To evaluate the prediction accuracy of these pathway-focused biomarkers, we calculated sensitivity, specificity, and positive and negative predictive value for each marker as an individual test or all three markers taken together (Supplementary Fig. S2). PIK3CA mutations and HER2 amplification showed excellent specificity (100% and 95%, respectively) and high positive predictive value, but relatively low sensitivity (∼30%) and poor negative predictive value as single markers in predicting drug responsiveness in the cell line panel. Thus, a positive test for HER2 or PIK3CA would be predicted to accurately identify responsive patients (low false-positive rate), but to miss many responsive patients and have a high rate of false negatives.
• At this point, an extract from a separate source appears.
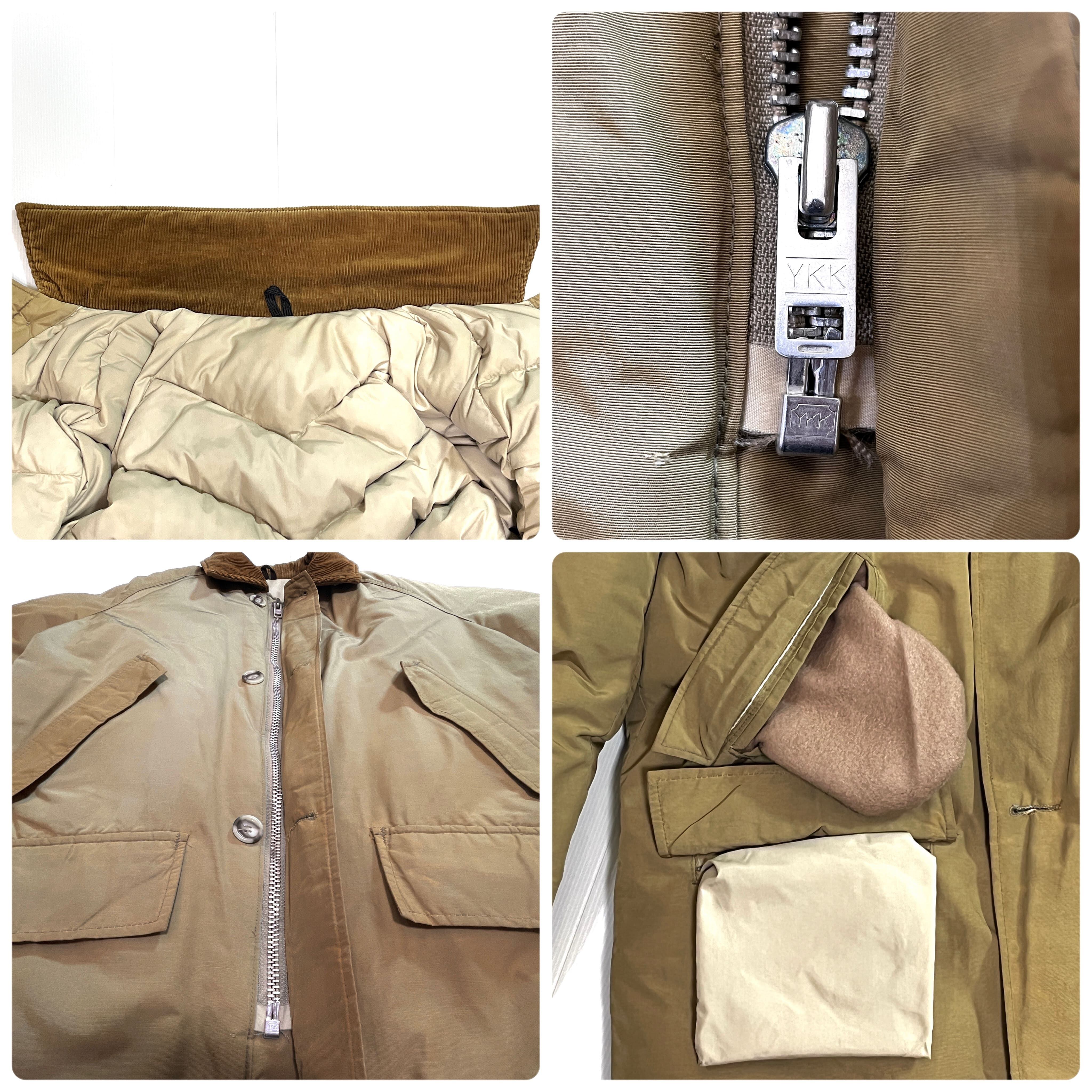 ・光沢のあるコットンナイロンの64クロス、ブラウンの太畝コーデュロイの襟、フロントはボタンとYKKのデカアルミジップでミリタリーのN-3Bのようなディテール、表にフラップ4ポケット・内ポケットが1つ、上ポケットは柔らかく温かいフランネル素材のハンドウォーマーポケット、シルエット調節可能なストッパー付きのウエストのドローコード、襟裏には当時別売りだったフードを取り付けるためのスナップボタン
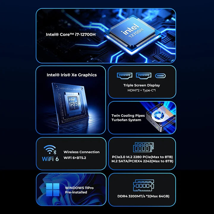 Além disso, a eficiência da 12ª geração Intel garante excelente equilíbrio entre desempenho e consumo energético, tornando o NucBox M3 uma solução confiável, moderna e preparada para longas jornadas de uso.

When PIK3CA, HER2, and PTEN were considered altogether as a composite diagnostic test, sensitivity was 69% and specificity was 67%. This suggests that although these known pathway alterations are likely to have value in identifying responsive patients, other biomarkers may still be required to identify all responsive patients.

We next sought to confirm our in vitro observation that molecular subtype and genetic activation of the PI3K signaling pathway play a role in determining responsiveness to GDC-0941 through in vivo studies in xenograft tumors from a core set of cell lines. We found that the in vivo studies recapitulated our in vitro findings (Fig. 2). Specifically, GDC-0941 showed excellent antitumor activity in xenograft models with HER2 amplification, PIK3CA mutations, or concomitant alterations in two pathway components (e.g., PTEN loss and PIK3CA mutation), but little or no effect in xenografts of basal-like KRAS mutant MDA-MB-231 cells (Fig. 2). We note that in all of these studies, the doses of GDC-0941 tested were well tolerated with no observable gross toxicities and minimal difference in body weights between control and GDC-0941–treated animals (data not shown). In addition, we found that treatment with GDC-0941 at a dose of 100 mg/kg substantially downregulated levels of pAKT(S473) in xenograft tumors of both sensitive KPL-4 cells and resistant MDA-MB-231 cells after 1 hour (Fig. 2), suggesting effective pharmacodynamic inhibition of PI3K signaling at this dose in both models.

Fig. 2.

In vivo antitumor activity of GDC-0941 in breast tumor xenograft models is related to PI3K pathway alterations. Daily dosing of GDC-0941 at 100 or 150 mg/kg was carried out in mice harboring s.c. implanted tumors for each of the five indicated models; points, mean tumor volume from treated animals and vehicle controls; bars, SEM. The legends for each graph indicate molecular subtype as well as key genetic alterations in PIK3CA, HER2, PTEN, or KRAS. Models are WT at each locus unless indicated. Percent tumor growth inhibition at the end of the study is also shown. Western blots at the lower right showing that 100 mg/kg GDC-0941 treatment effectively inhibited pAKT(S473) in sensitive KPL4 and resistant MDA-MB-231 xenograft tumors compared with vehicle control treatment. Tumors were collected after 1 h of treatment, and each lane represents an independent tumor sample.

Fig. 2.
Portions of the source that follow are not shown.